BRIEF -> Line by line, repeat the material below exactly and leave the images out.

RECORDED DATA ->

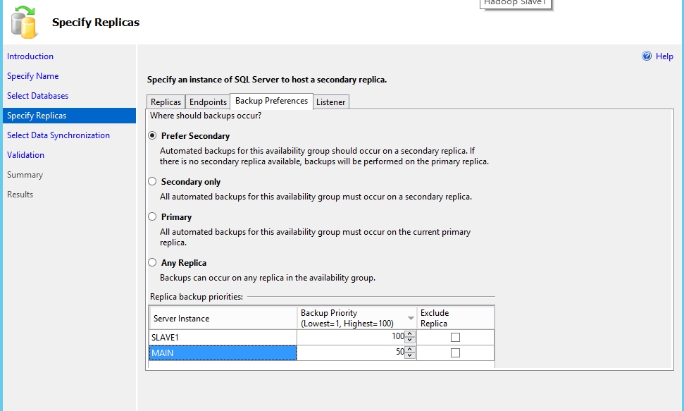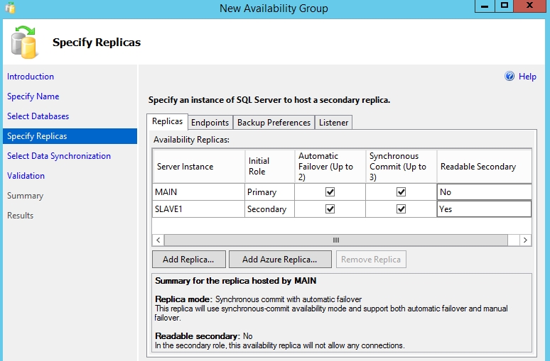 把Slave1添加进来作为辅助副本。勾选Synchronous Commit(同步提交),Up to 3的意思是最多可以有3个的同步提交模式的辅助副本。
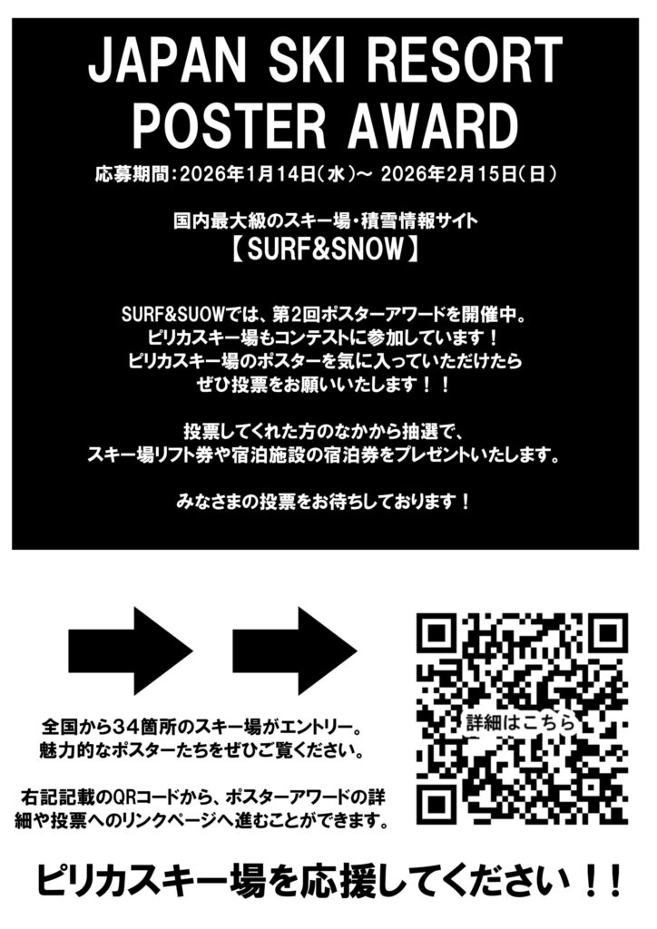 国内最大級のスキー場情報サイト「SURF&SNOW」で開催中のポスターコンテストにピリカスキー場でも参加しています。
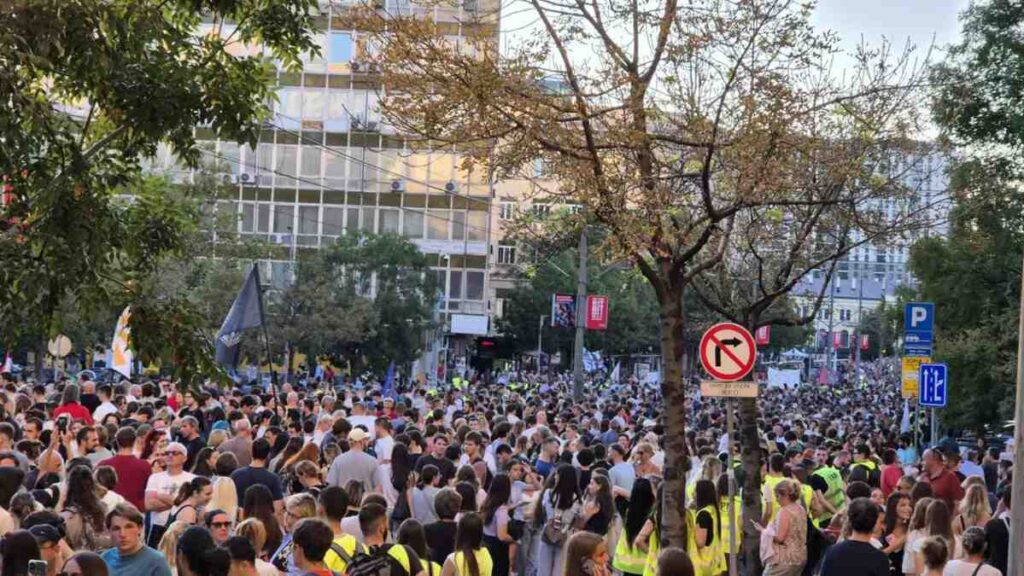 Prvi veliki protest u Novom Sadu održan je 5. novembra prošle godine, četiri dana nakon pada nadstrešnice. Na njemu se okupilo više od 20.000 ljudi koji su prošetali od Željezničke stanice do Gradske kuće, gdje je kamenicama gađana ova javna zgrada.

TASK ANSWER ->
 把Slave1添加进来作为辅助副本。勾选Synchronous Commit(同步提交),Up to 3的意思是最多可以有3个的同步提交模式的辅助副本。
 国内最大級のスキー場情報サイト「SURF&SNOW」で開催中のポスターコンテストにピリカスキー場でも参加しています。
 Prvi veliki protest u Novom Sadu održan je 5. novembra prošle godine, četiri dana nakon pada nadstrešnice. Na njemu se okupilo više od 20.000 ljudi koji su prošetali od Željezničke stanice do Gradske kuće, gdje je kamenicama gađana ova javna zgrada.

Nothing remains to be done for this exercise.